▶ **TASK REQUIREMENTS**
An exact repetition of the data below, without images, is the expected answer.

**** EXERCISE DATA ****

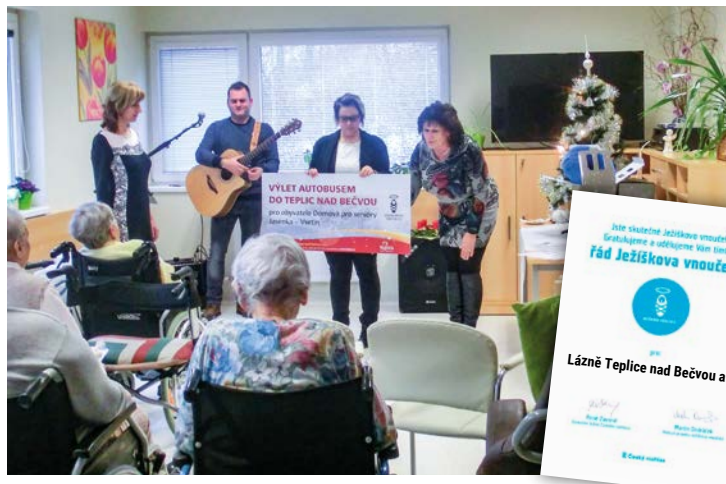
Za tento krásný počín dostaly Lázně Teplice nad Bečvou od týmu Ježíškových vnučat z Českého rozhlasu řád Ježíškova vnučete.

Do projektu Českého rozhlasu Ježíškova vnučata se jako dárci zapojily i Lázně Teplice nad Bečvou. V pondělí 17. prosince v pravé poledne předali zástupci lázní obrovský voucher obyvatelům Domova pro seniory Jasenka ve Vsetíně, kterým tak splnili jedno z letošních přání – výlet autobusem do Lázní Teplice nad Bečvou.
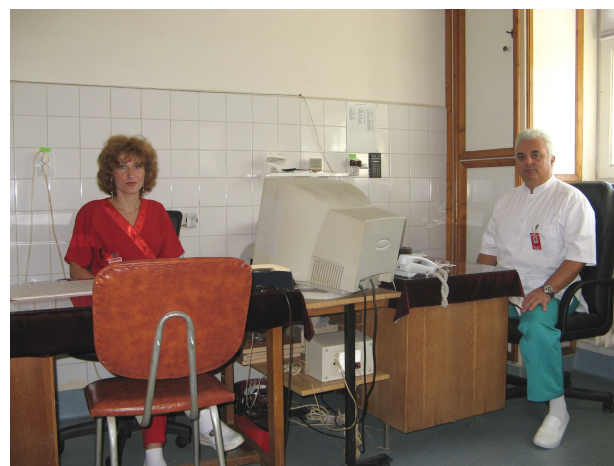
Dr. Călin Cătălin Ambulatoriul de specialitate Cabinet ginecologie
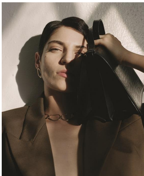
BAG ¥79,200(tax in)

****

▶ **ANSWER SECTION**
Za tento krásný počín dostaly Lázně Teplice nad Bečvou od týmu Ježíškových vnučat z Českého rozhlasu řád Ježíškova vnučete.

Do projektu Českého rozhlasu Ježíškova vnučata se jako dárci zapojily i Lázně Teplice nad Bečvou. V pondělí 17. prosince v pravé poledne předali zástupci lázní obrovský voucher obyvatelům Domova pro seniory Jasenka ve Vsetíně, kterým tak splnili jedno z letošních přání – výlet autobusem do Lázní Teplice nad Bečvou.
Dr. Călin Cătălin Ambulatoriul de specialitate Cabinet ginecologie
BAG ¥79,200(tax in)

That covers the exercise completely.